Look through the listing below for the line containing "2551/88AarhusHelge Helme: Ballerina.". Copy it and each line after it up to and including the line containing "I registered for", exactly, leaving out pictures.

[Information given]
.....

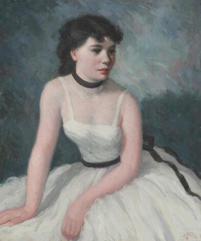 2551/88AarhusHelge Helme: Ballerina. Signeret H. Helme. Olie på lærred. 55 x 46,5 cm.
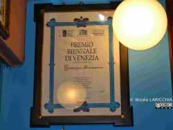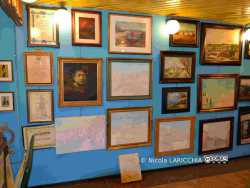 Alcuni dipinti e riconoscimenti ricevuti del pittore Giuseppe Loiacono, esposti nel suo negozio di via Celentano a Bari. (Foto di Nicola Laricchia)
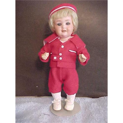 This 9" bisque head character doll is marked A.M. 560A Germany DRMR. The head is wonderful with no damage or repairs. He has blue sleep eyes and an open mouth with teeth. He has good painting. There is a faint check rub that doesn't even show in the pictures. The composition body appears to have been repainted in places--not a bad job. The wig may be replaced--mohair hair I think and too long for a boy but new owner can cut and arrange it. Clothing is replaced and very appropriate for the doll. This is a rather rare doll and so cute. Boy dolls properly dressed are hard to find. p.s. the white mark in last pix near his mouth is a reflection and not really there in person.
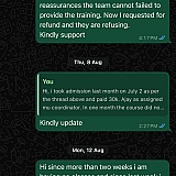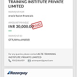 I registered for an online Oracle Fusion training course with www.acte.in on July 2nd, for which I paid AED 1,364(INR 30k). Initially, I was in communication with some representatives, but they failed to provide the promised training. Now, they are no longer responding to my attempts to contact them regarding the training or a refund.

.....

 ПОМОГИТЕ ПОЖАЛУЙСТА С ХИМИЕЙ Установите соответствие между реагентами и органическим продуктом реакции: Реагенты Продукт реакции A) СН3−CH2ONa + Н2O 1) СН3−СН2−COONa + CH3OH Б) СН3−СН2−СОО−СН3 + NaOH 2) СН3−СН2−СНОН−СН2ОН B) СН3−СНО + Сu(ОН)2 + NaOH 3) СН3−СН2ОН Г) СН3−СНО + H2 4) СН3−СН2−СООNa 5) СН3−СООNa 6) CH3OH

.....

[Answer space]
 2551/88AarhusHelge Helme: Ballerina. Signeret H. Helme. Olie på lærred. 55 x 46,5 cm.
 Alcuni dipinti e riconoscimenti ricevuti del pittore Giuseppe Loiacono, esposti nel suo negozio di via Celentano a Bari. (Foto di Nicola Laricchia)
 This 9" bisque head character doll is marked A.M. 560A Germany DRMR. The head is wonderful with no damage or repairs. He has blue sleep eyes and an open mouth with teeth. He has good painting. There is a faint check rub that doesn't even show in the pictures. The composition body appears to have been repainted in places--not a bad job. The wig may be replaced--mohair hair I think and too long for a boy but new owner can cut and arrange it. Clothing is replaced and very appropriate for the doll. This is a rather rare doll and so cute. Boy dolls properly dressed are hard to find. p.s. the white mark in last pix near his mouth is a reflection and not really there in person.
 I registered for an online Oracle Fusion training course with www.acte.in on July 2nd, for which I paid AED 1,364(INR 30k). Initially, I was in communication with some representatives, but they failed to provide the promised training. Now, they are no longer responding to my attempts to contact them regarding the training or a refund.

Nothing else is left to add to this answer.